* [GOAL OF THE EXERCISE] Leave out every picture, and output exactly the lines from the line containing "晚饭后,夜游泰州凤城河。凤城" through the last line of the data.
BEGIN DATA SHOWN
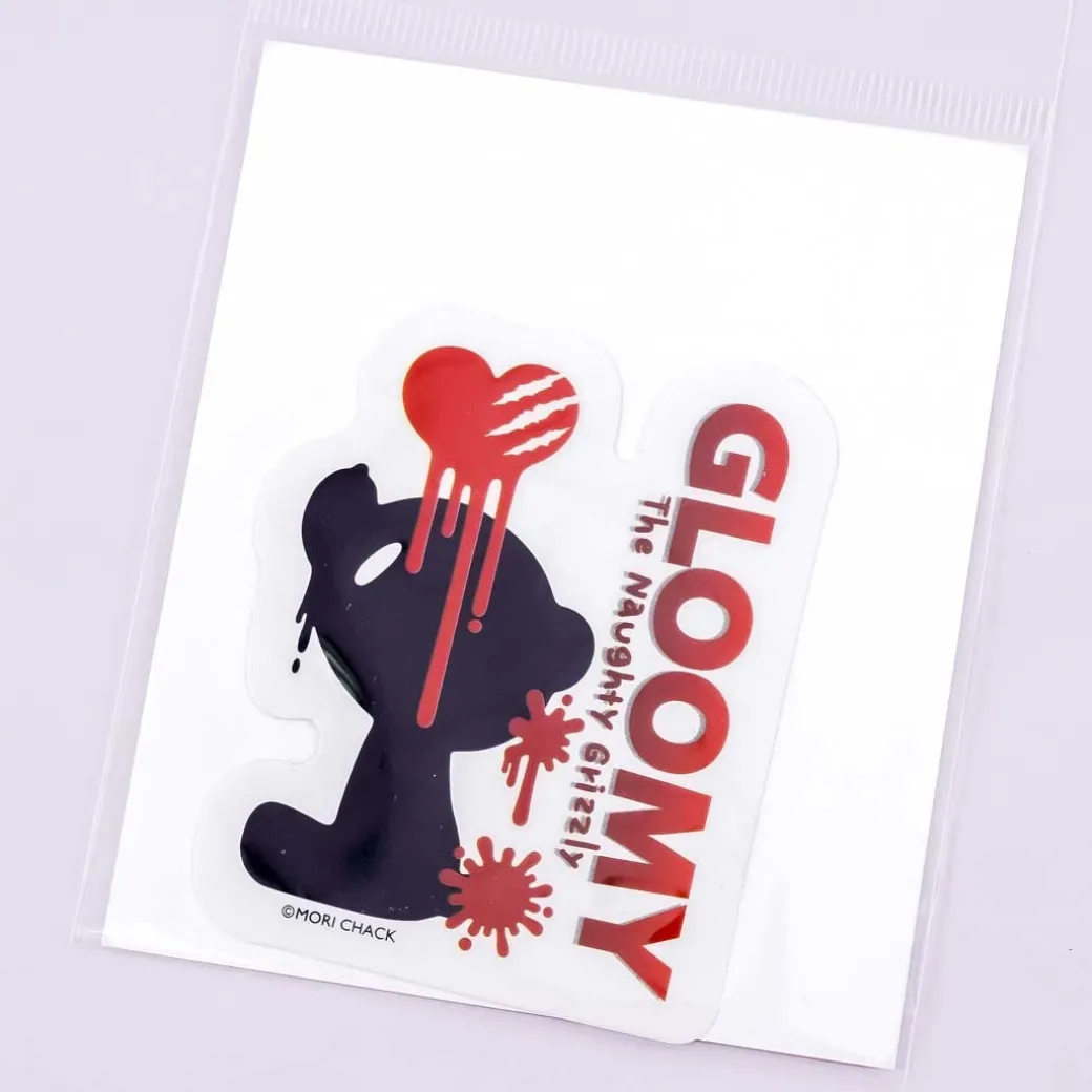 - A kawaii Gloomy Bear deco sticker featuring Guru-mi’s silhouette, blood splatters, and a heart
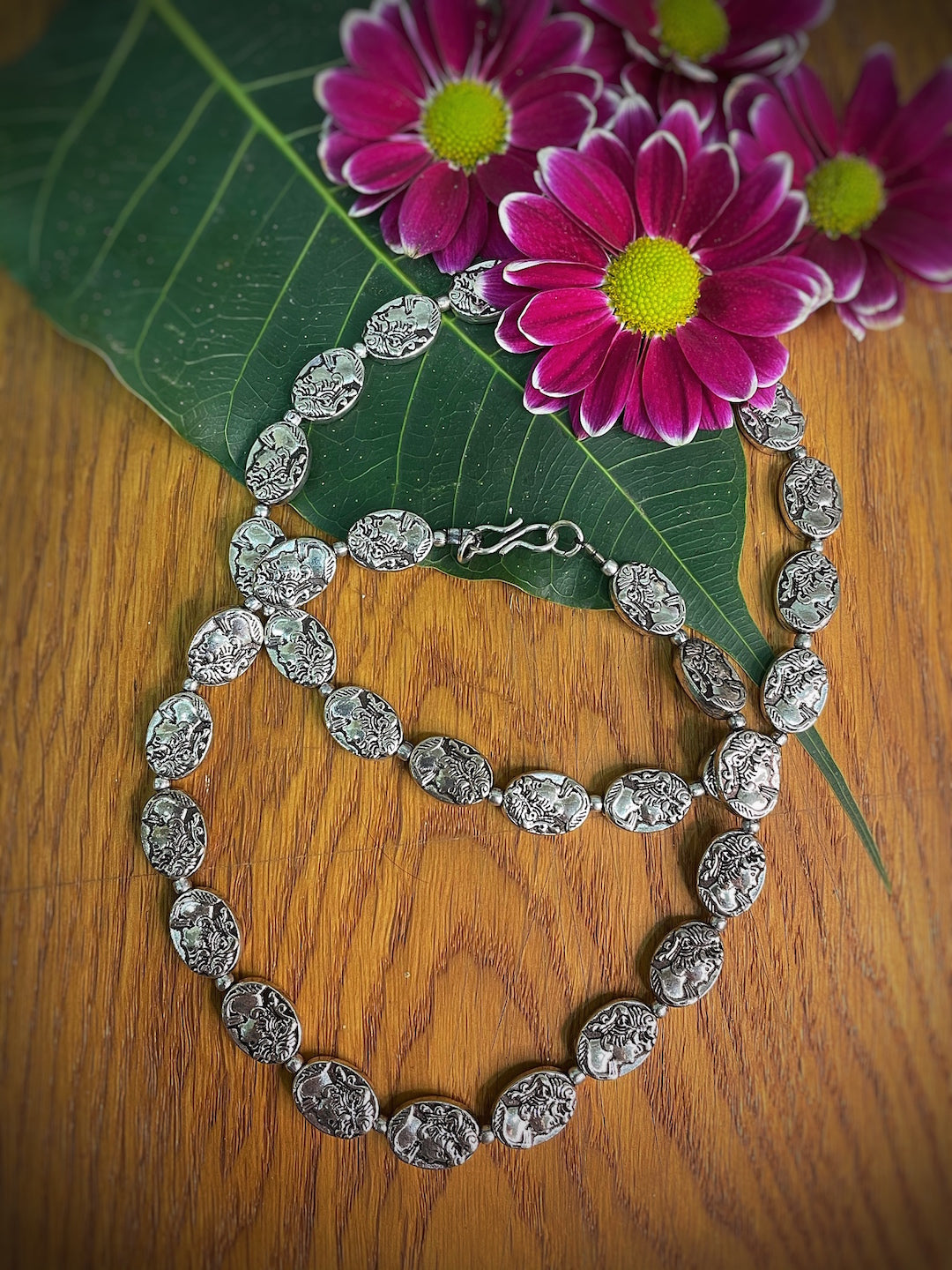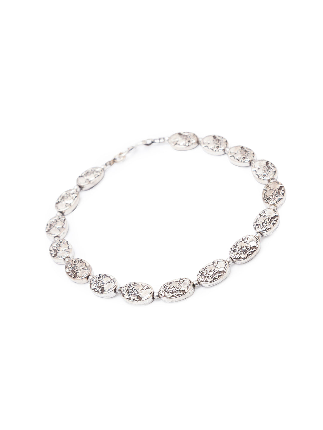 German Oxidised Silver Anklets Engraved Face Design Coins Payal Silver Plating & Beads Foot Jewellery
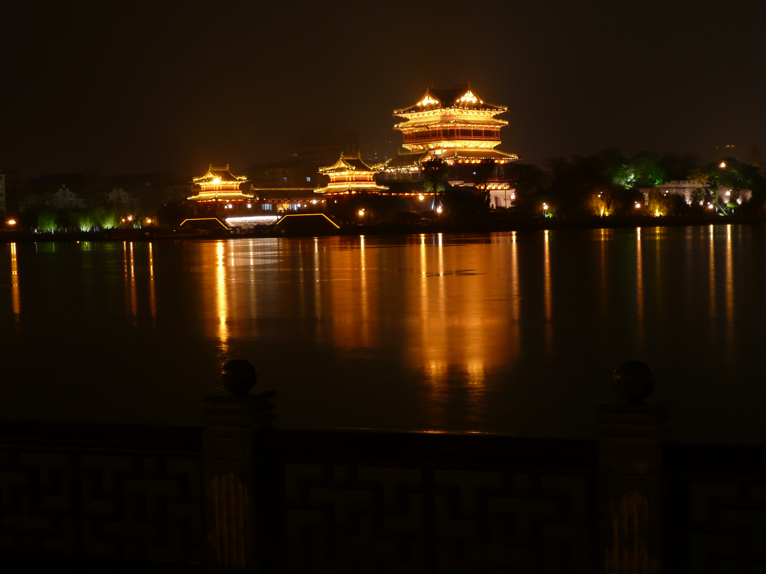 晚饭后,夜游泰州凤城河。凤城河是泰州的母亲河,近千亩连绵水域碧波荡漾,流动的音符,灿烂星河般点亮了泰州千年光辉历史。在桃园渡口,上画舫。香茗缭绕中泛舟河上,认真聆听着广播里对泰州的详细解读,平生第一次领略到了“州建南唐,文昌北宋,名城名宦交相重”的海陵厚重的历史以及这座淮海古郡的鼎盛人文。沿着凤城河的掌纹一路前行,宛若徜徉于中国戏曲文化长廊,不经意间走进了孔尚任《桃花扇》里侯方域
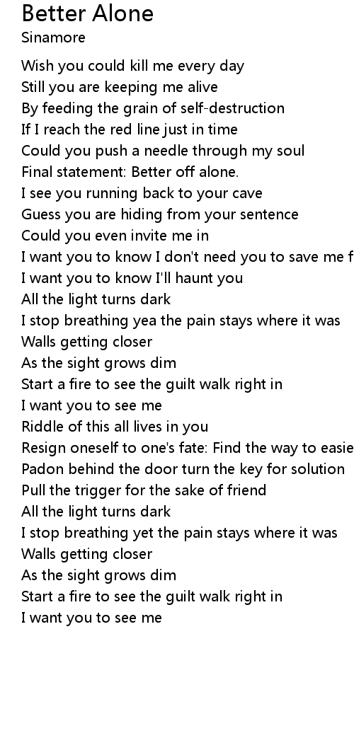 Final statement: Better off alone. |
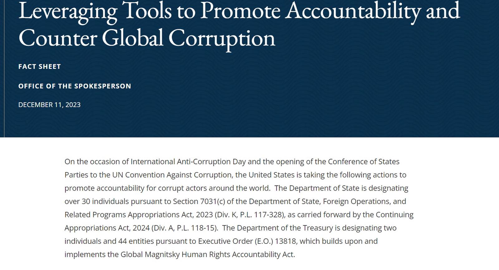 Cũng trong ngày 11/12, một tuyên bố của Bộ Ngoại giao Mỹ cho biết, nhân Ngày Quốc tế Chống tham nhũng (9/12) và khai mạc Hội nghị các quốc gia thành viên Công ước Liên hợp quốc về chống tham nhũng lần thứ 10, Mỹ đang thực hiện các hành động để thúc đẩy trách nhiệm giải trình đối với những kẻ tham nhũng trên toàn thế giới.
END DATA SHOWN
* [FINISHED TASK]
 晚饭后,夜游泰州凤城河。凤城河是泰州的母亲河,近千亩连绵水域碧波荡漾,流动的音符,灿烂星河般点亮了泰州千年光辉历史。在桃园渡口,上画舫。香茗缭绕中泛舟河上,认真聆听着广播里对泰州的详细解读,平生第一次领略到了“州建南唐,文昌北宋,名城名宦交相重”的海陵厚重的历史以及这座淮海古郡的鼎盛人文。沿着凤城河的掌纹一路前行,宛若徜徉于中国戏曲文化长廊,不经意间走进了孔尚任《桃花扇》里侯方域
 Final statement: Better off alone. |
 Cũng trong ngày 11/12, một tuyên bố của Bộ Ngoại giao Mỹ cho biết, nhân Ngày Quốc tế Chống tham nhũng (9/12) và khai mạc Hội nghị các quốc gia thành viên Công ước Liên hợp quốc về chống tham nhũng lần thứ 10, Mỹ đang thực hiện các hành động để thúc đẩy trách nhiệm giải trình đối với những kẻ tham nhũng trên toàn thế giới.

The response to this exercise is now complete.